Abstract

Interfacial heat and mass transfer properties at molten salt/solid interfaces are crucial for the study of heat storage/transfer properties of molten salt nanocomposite materials as well as the microscopic mechanism of thermophysical property enhancement, but accurate force field parameters for describing molten salt-solid interactions are still lacking. This study has utilized a workflow that could meet the demand of high accuracy and efficiency in molecular dynamics (MD) simulations of molten salt/solid interface with the deep potentials (DPs) trained by deep learning (DL), using SiO2/LiCl-KCl interface as a model system. In terms of the short-ranged polarizability and long-ranged correlations of ions, DPs can give accurate description of potential energy surface over wide temperature range at the level of ab initio calculations. Further analysis on interfacial thermal resistance (ITR) and thermal conductivity shows that the slowing down of heat transfer is related to the disordered microstructure of molten salt ions near the SiO2 surfaces, which also leads to larger ITR. For the mass transfer of molten salt ions on the SiO2 surfaces, the more active ionic diffusion and permeation through the solid can be observed due to the weaker adsorption between them, which is ascribed primarily to the high temperature.
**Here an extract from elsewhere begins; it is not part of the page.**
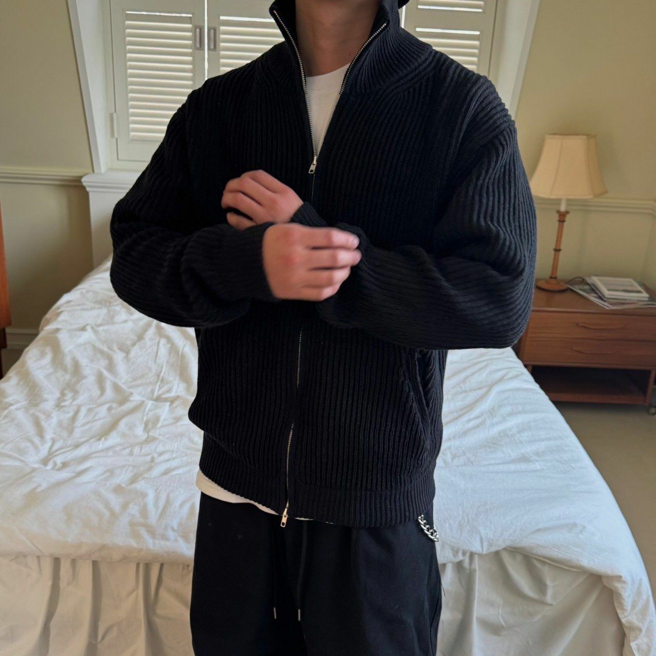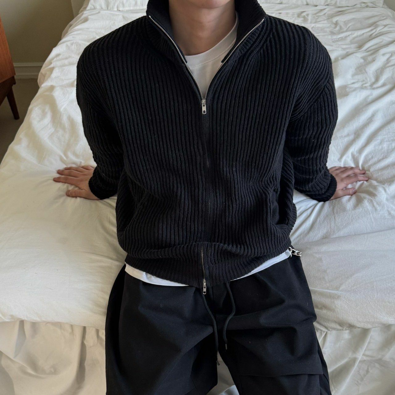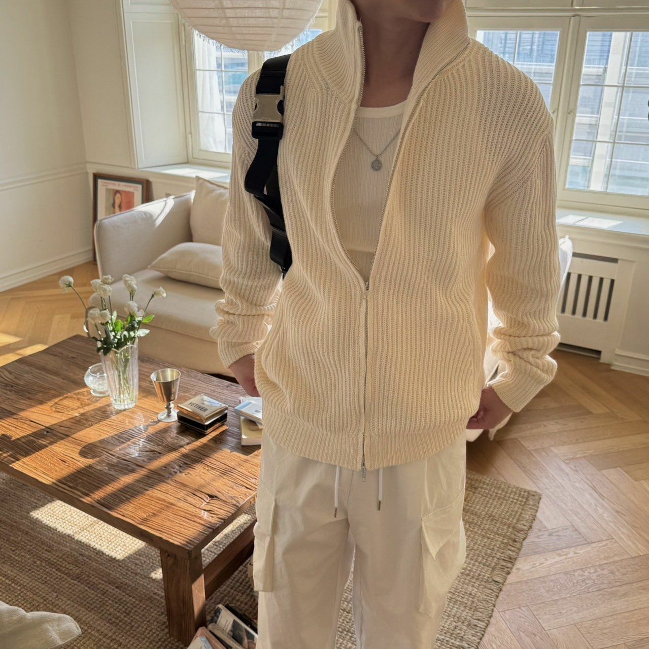 企領拉鍊針織外套 BY ATTENTION-343JK

The workflow, of which the feasibility has been verified for molten salt/solid interfaces in this work with rigorous modeling, will be used for building accurate interatomic interaction models and calculating thermophysical properties for various complex interfacial systems containing molten salts. The influence of interfacial microstructure on heat and mass transfer will provide theoretical support for the application of molten salts in energy industry.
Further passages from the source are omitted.